Em suma, quase uma posição dogmática, a recomendação de Harvard centrou-se na criação de poder de mercado, seja por atos e condutas empresariais, como elemento nocivo e determinante para gerar efeitos perversos à eficiência técnica e alocativa, bem como à distribuição de renda. Daí a ser combatida independentemente de outras considerações que poderiam contrabalançar.42

3.4.2. A política antitruste pela escola de Chicago

A escola de Chicago ou a “Efficiency School” surge para destacar a importância no tratamento das eficiências econômicas na análise antitruste, o que era em grande parte negligenciado por Harvard. O enfoque de Chicago teve maior força nos anos 80 junto ao governo americano, na presidência de Reagan.

A vertente de Chicago, que é uma contestação ao receituário dominante de Harvard, apontava que a visão estruturalista não contava com respaldo suficientemente teórico ou empírico para estabelecer que concentrações de mercado reduziam bem-estar econômico por meio de geração de poder de mercado. Mais ainda, elevada concentração, além de não necessariamente gerar poder de mercado e perda de satisfação social, pode, em muitos casos, ser a consequência de desenvolvimento da indústria. Afinal, em um processo competitivo, as firmas mais eficientes acumulam recursos, dada a sua maior lucratividade, e absorvem mercados, enquanto as menos eficientes caminham de forma inversa.

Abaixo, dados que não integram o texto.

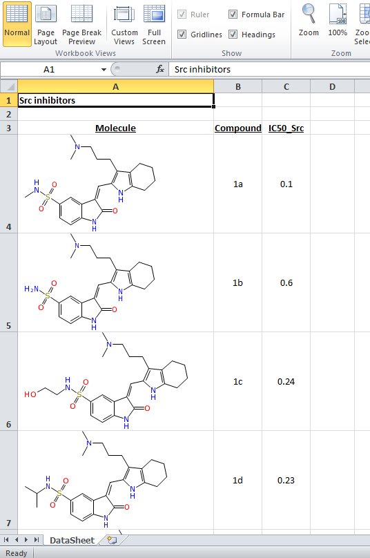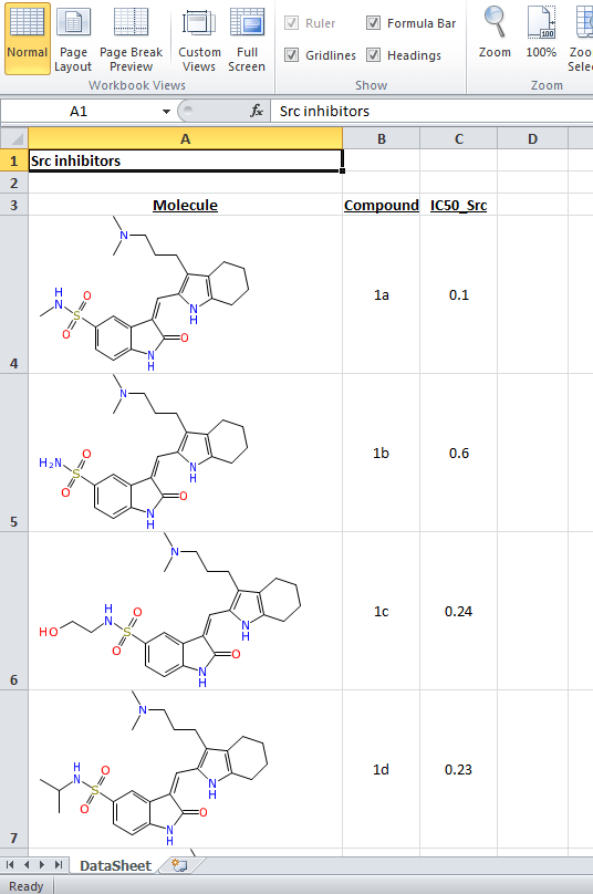 As can be seen, the tabular nature of the datasheet is carried over to the spreadsheet. Molecules are represented with vector graphics, which are associated with the cell, which has been sized to fit.
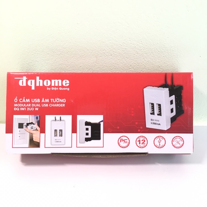 Thiết Bị Điện Gia Dụng > Mạch điện & Phụ tùng > Ổ cắm điện & Dây nối || Ổ cắm USB âm tường Điện Quang DQHome ĐQ IW1 2UO W (màu trắng)Còn hàng
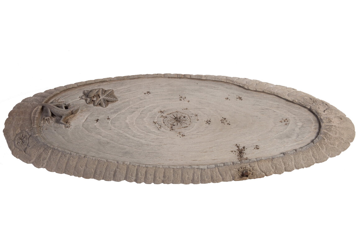 黃櫳賢大師創作的石雕茶盤,利用石頭本身的特色創作,主題包含本土的牧童放牛、蘭花枯木、荷葉金魚、絲瓜藤蔓、螃蟹泥沼、木紋昆蟲等系列,愈發展現過人的雕琢功力。

Na “Efficiency School”, em geral, a concentração de mercado é fruto de economias de escala, escopo ou de algumas das várias formas de eficiência. Assim, simplesmente coibi-la poderia justamente gerar perda de bem-estar econômico e o castigo a quem se torna eficiente, pois o grau de monopolização mostra justamente os que foram eficientes e conseguiram, através de seu desempenho, adquirir parcela de mercado.

42 FORGIONI, Paula Andrea. Os Fundamentos do Antitrustre. 3ª Ed. São Paulo: Editora Revista dos Tribunais, 2008.

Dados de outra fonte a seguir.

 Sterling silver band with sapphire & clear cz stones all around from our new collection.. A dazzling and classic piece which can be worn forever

Essa manutenção de participação no mercado evidencia a eficiência daquelas empresas em nível superior ao das demais, caso contrário, estas perderiam mercado com a competitividade das rivais.43 Também criticavam o aspecto de que uma ação governamental no sentido da desconcentração do mercado poderia causar mais distorções do que benefícios à economia.

O mérito da escola de Chicago está no fato de que o trabalho de seus defensores evidenciou a importância de se incorporar às políticas antitruste os vários tipos de eficiências econômicas, ainda que às custas de uma maior complexidade analítica, em função dos inúmeros “trade-offs”44 existentes entre tais tipos.

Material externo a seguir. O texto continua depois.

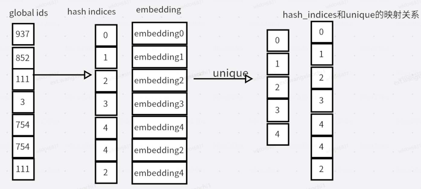 如下图所示:在推荐系统中,大部分ID的原始特征都是离散型(global ids),因为其取值空间巨大且稀疏(如用户ID或物品ID可能达到百万甚至亿级别),直接作为输入会导致嵌入表维度爆炸,引发存储和计算瓶颈。常见的做法是需要将离散的ID转为连续的行号(hash indices),从而压缩特征空间,实现高效存储和查询。
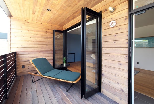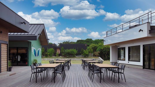 また、施設としてもサステナブルに運営できるよう、環境に配慮した建設を行いました。具体的には、鉄骨造(S造)を採用し建設時の単位面積あたりのCO2排出量の削減をしたほか、貯水した雨水を花壇等へ再利用するシステムを導入しています。ほかにも、一部店舗では塗装足場板のリサイクルフローリングや高床式による通気性の良い建設を採用するなど、なるべくコンクリートを利用せず木材も傷みにくいよう工夫しています。最大の特徴は、10ヶ月という短い期間でロスを極力出さないよう建築したことで、余った杉材は施設内の家具などとして活用しました。

Pode-se entender que as duas escolas prestaram uma evolução à normatização da política antitruste. Enquanto Harvard, através da E-C-D, chama a atenção para questões estruturalistas que atentam para o perigo do poder de mercado gerado por atos de concentração ou condutas anticompetitivas, a “Efficiency School” preconiza a necessidade de uma filtragem na análise, considerando os diversos tipos de eficiência econômica que podem justificar tais atos.